Elton John may perform in
Mumbai
British rock-star Sir Elton John is likely to
perform in Mumbai on January 2, 2000, as part of the millennium celebrations organised by
the Maharashtra Government."We are trying to get Sir Elton John for the millennium
celebrations," Deputy Chief Minister Chhagan Bhujbal, who is also in charge of the
tourism portfolio, told newspersons at a meet-the-press organised by the Press Club of
Bombay. "We are trying our best...various modalities are being worked out."
Apart from Sir Elton John, others who are expected to perform in the millennium bash are
tabla-maestro Zakir Husain, classical singer Bhimsen Joshi, noted singer Asha Bhosale and
Punjabi pop craze Daler Mahendi.
Plan to construct a
dolphinarium
A dolphinarium and a marineland complex is likely to
be constructed under a joint venture project at Visakhapatnam.

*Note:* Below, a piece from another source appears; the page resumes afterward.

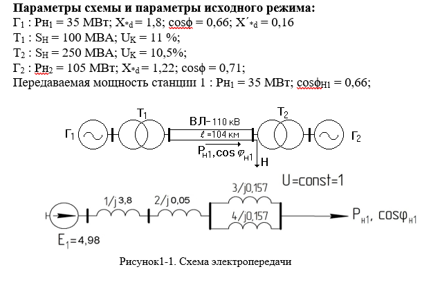 На рисунке 1-1 приведена схема электрической системы, содержащая две генераторные станции, питающие комплексную нагрузку. Требуется:1) определить коэффициент запаса статической устойчивости по идеальному пределу мощности;

Giving this information,
Minister of State for Environment and Forests Babu Lal Marandi said the project envisaged
construction of a sea water pool for dolphins, enclosures for turtles and sea birds and an
aquarium for other marine fauna at a cost of Rs 360 lakh. Of this, Rs 300 lakh was
proposed to be met through loans from the Visakhapatnam Urban Development Authority and
the balance by the state government and the Central Zoo Authorities.